Sokka had returned at near dawn the next day, half-frozen and exhausted. He hadn't said anything to Katara as he stumbled in the make-shift tent the remains of their family had swiftly put up, and he didn't look over at where their father was sitting and their mother's body wrapped in animal skins. He'd just curled up next to Katara under the blanket and held her close.
He hadn't cried that day, or over the next few days as the funeral boats were being prepared. There was not a family in the village that hadn't lost someone, and most of the survivors couldn't bear to look at either of them. Katara suspected they were too much of a reminder of the children they had lost.
When their mother's boat was set in the water, Sokka turned and ran again. She'd moved to follow him, but Hakoda had stopped her with a hand on her shoulder and a shake of his head. Bato had glared at him, and gone after Sokka himself. She watched them from a distance as Sokka kicked snow and tried to hit the older man before finally collapsing against him.

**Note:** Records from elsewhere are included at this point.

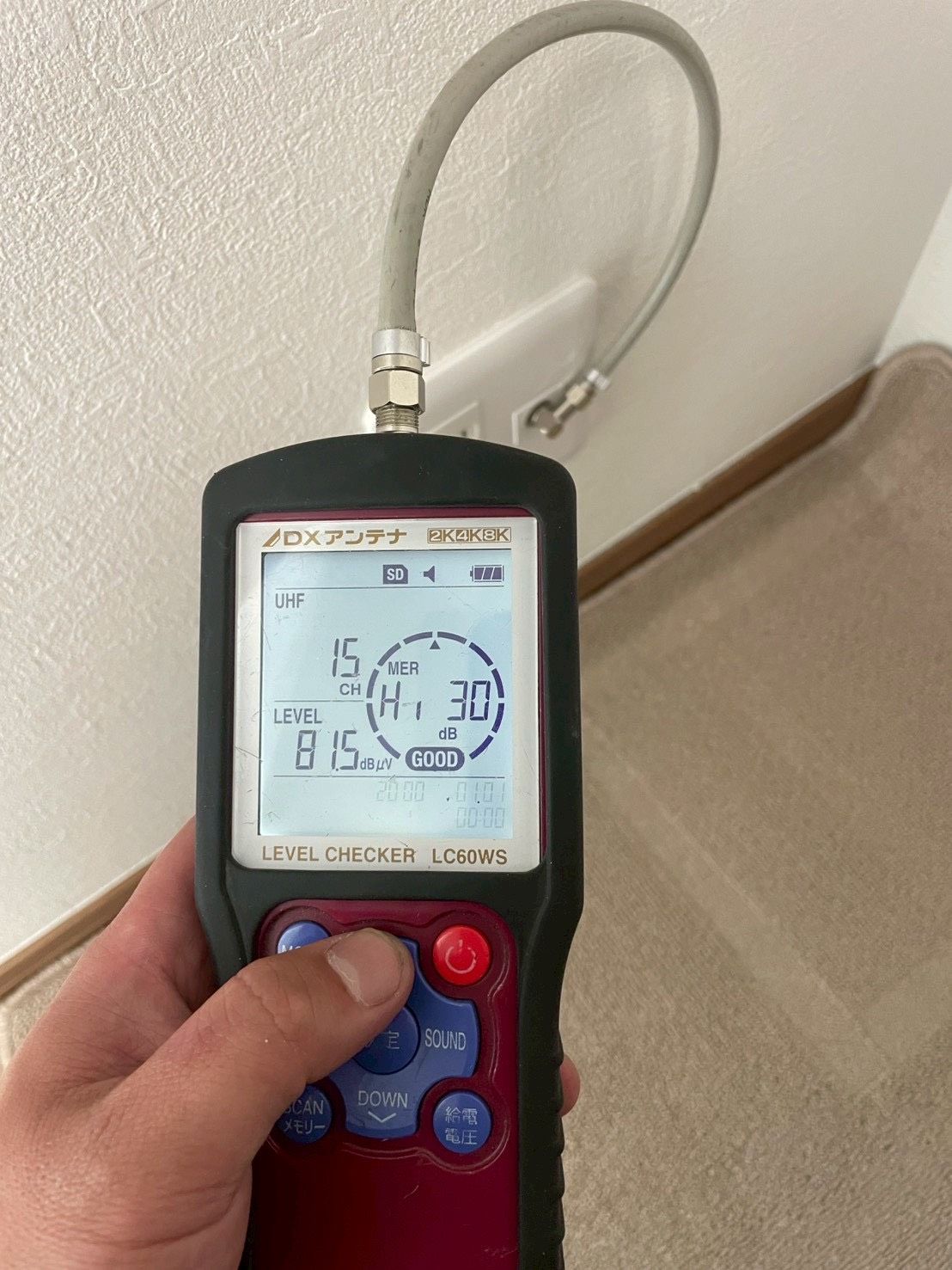 みずほアンテナの熟練スタッフは、チェッカーという専用の機器を使って、電波をしっかり測定し、最高の受信環境となる場所を丁寧にお探しします🔍💡
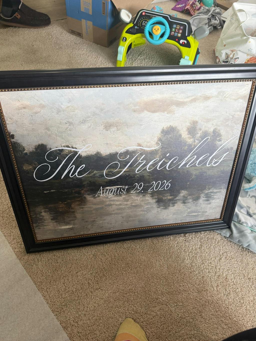 This personalized wedding sign features your names and wedding date over a beautiful landscape scene in a gold frame. It’s perfect for welcoming guests at your ceremony or reception, then later for hanging as custom name date wall art in your home. The artwork’s vintage landscape and warm tones bring natural beauty to your space, making it a lasting keepsake for your special day.
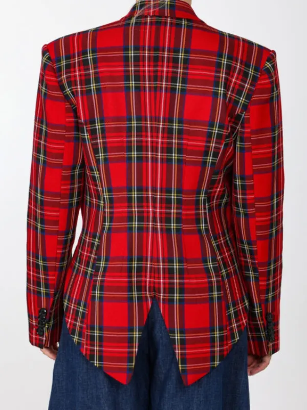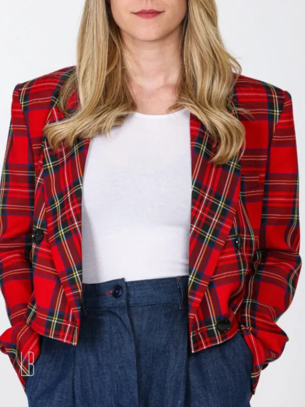 Confectionné dans un tissu tartan rouge lumineux, il affirme un style fort, entre héritage et modernité.
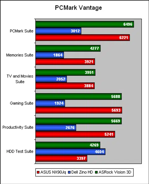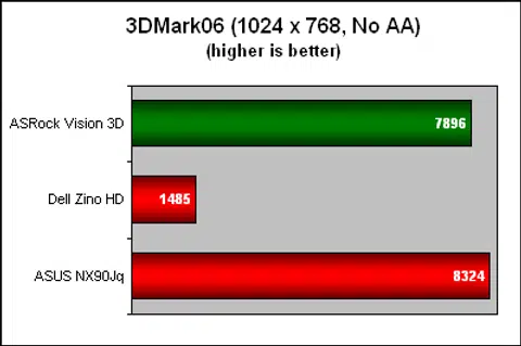 Thanks to a better performing hard drive, the ASRock edged out the Core i7 powered ASUS NX90Jq in PCMark Vantage. The two systems were evenly matched for most of this benchmark with the decisive blow coming in the HDD segment. The AMD powered Dell Zino HD was predictably off the pace with its older, integrated graphics. 3DMark06 saw the ASUS getting the better of the Vision 3D but the results were very close and Far Cry 2 confirmed that the two had similar graphical performance.
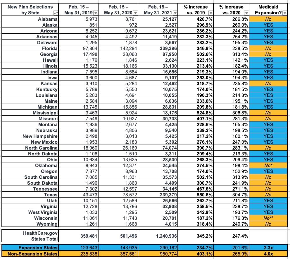 On average, states which have expanded Medicaid have seen SEP enrollment rates 2.3x higher than they were for the same time period in 2019, while non-expansion states are up more than 4x over 2019. The reason for this is the 100 - 138% FPL "overlap" population: In expansion states, those earning up to 138% FPL are shifted over to Medicaid instead, but in non-expansion states, those earning more than 100% FPL are eligible for $0 premium ACA exchange plans.
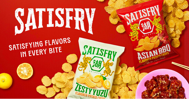 子会社の設立を起点に、北米での事業展開を拡大していくにあたり、“モダンアジア”をエキサイティングな世界観で表現したポテトチップス「SATISFRY ASIAN BBQ」、「SATISFRY ZESTY YUZU」の2品を新たに開発し、2025年11月中旬より米国にて順次販売開始します。
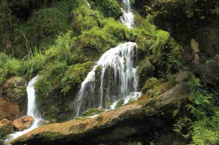 当我们到达白云山后,去的第一个景点九龙瀑布,沿着弯弯曲曲的石阶小道往山下走,远远的就听到了潺潺的流水声,我兴奋地加快了下山的步伐...来到瀑布前,只见水从高高的悬崖直泻下来,水珠四溅,悬泉抛珠,云飘雾绕,如群龙奔腾,似玉练旋舞。水涌下时犹如九条龙,景色非常雄伟壮观。导游阿姨告诉我们若逢丽日当空,彩虹映现,景色更加奇艳迷人。
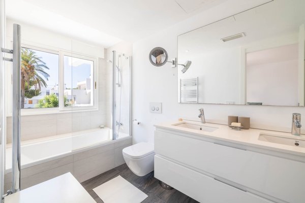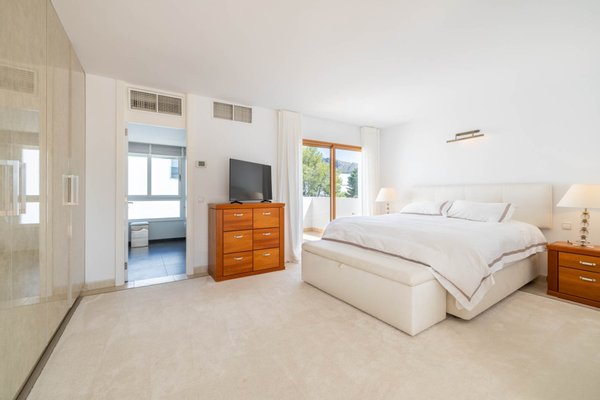 Im ersten Stock befinden sich insgesamt drei Schlafzimmer und zwei Bäder, die sich wie folgt verteilen: Ein Schlafzimmer mit Kingsize-Bett, eigenem Bad, begehbarem Kleiderschrank und einer privaten Terrasse mit Blick auf den Pool. Es gibt auch ein Schlafzimmer mit Doppelbett und ein Zweibettzimmer, die sich ein Badezimmer teilen.
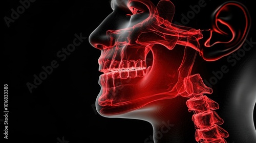 3D rendering of a human head with the jaw highlighted in red, representing jaw pain or temporomandibular joint disorder (TMJ).

Katara had known, right then, that she had lost her brother. He was still there but something about him, something important, was gone forever.

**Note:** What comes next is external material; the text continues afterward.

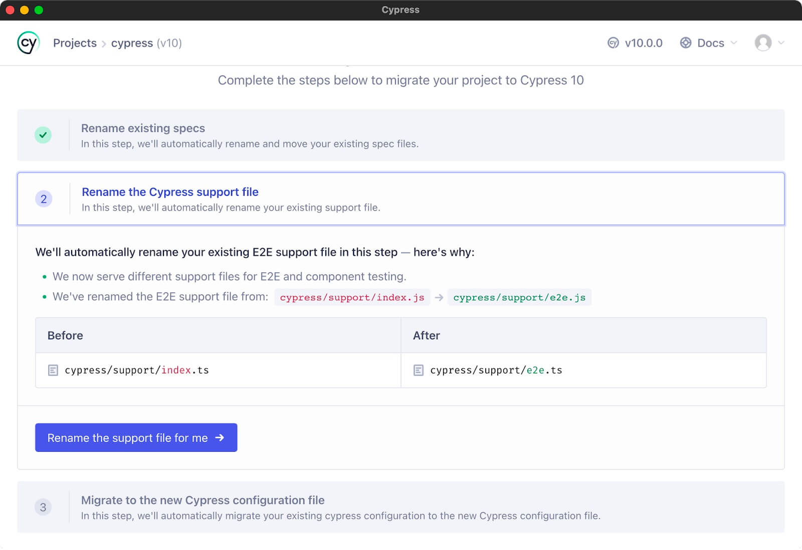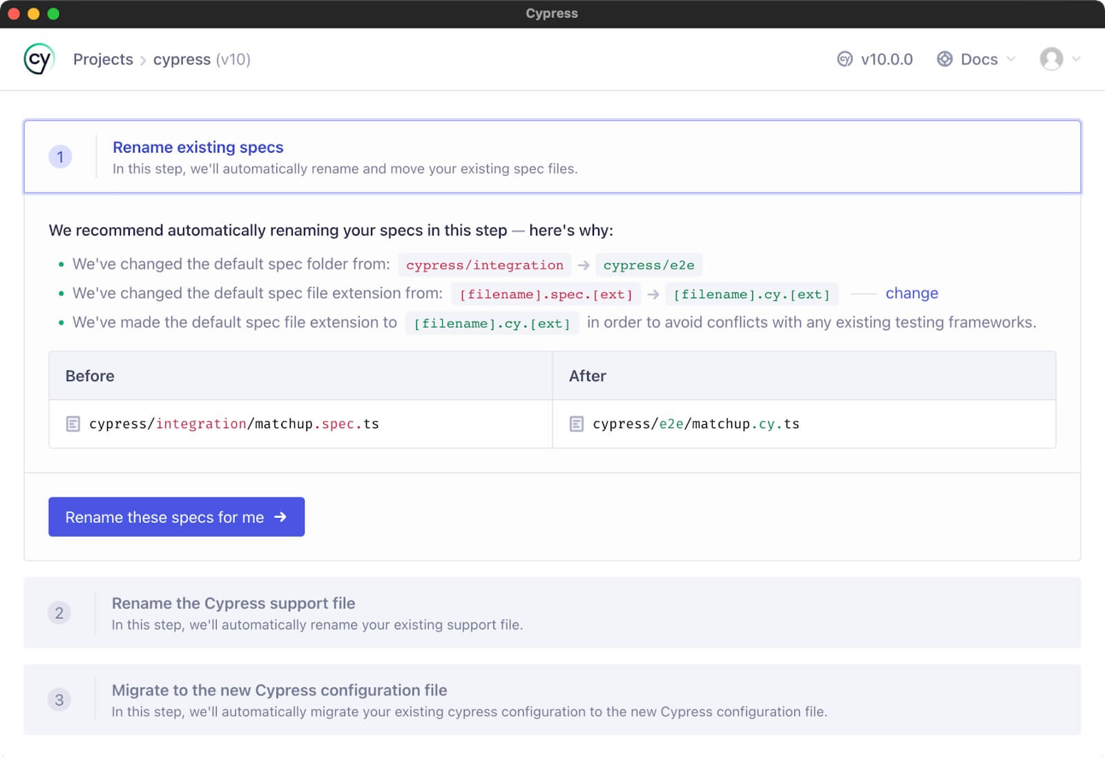 Feeling overwhelmed by all the changes? No need to be! The Cypress team has prepared a migration assistant that will make sure the transition of your project is seamless. In three easy steps you can change the names and folder of your e2e tests:

She'd been right to. He would still laugh and smile, complain and make jokes, but it wasn't the same. He would say them, sound like he meant them, but he wasn't really feeling them. He was trying too hard, and she could tell.
It had gotten better, as time had healed the scars. It had taken a couple of months, but Sokka began to act toward their father like he always had—and what had happened that day was something neither of them ever spoke about. Katara knew he hadn't meant, that Hakoda had been upset and angry, but sometimes she wondered if Sokka did.
And eventually he'd started to laugh again and really mean it, and his smile would reach his eyes. But there was, there STILL was, a wall between them that Katara could not break. Her brother started keeping everyone at arm's length. He was always watching people, always suspicious in a way he had never been before. There were so many things he wouldn't say.
Today, with Toph, had been the first time in six years Katara had heard him say anything about their mother.
Even now, he could change so fast she could never be sure of anything about him. Sometimes he seemed fine and happy, but would switch into a darker and more serious version of himself at a moment's notice. The brother she knew and adored who would smile, do his best to protect her, and habitually messed things up in the funniest possible way could instantly be replaced by a young man who could—and would—do whatever it took to redeem himself. He would take on any enemy, defeat them however he could…plan every detail of an invasion that would out hundreds of fire benders…endanger himself and all of them for the slim chance that he might gain some advantage over them. He had little regard for himself, or anyone, at those moments, and it frightened her.
Those were the times when he really hurt, and she could try her hardest to hold on to him, but it was like trying to hold on to the last wisps of a dream. He wasn't Aang. The closer she tried to hold him, the faster he would slip away.
All she could do was be there for those moments when Sokka was himself again, when he was teasing Aang or being a brother to Toph, and try to stop him from falling too far.
She had let him go once, and nearly lost him. She would not make that same mistake again—with him or anyone else.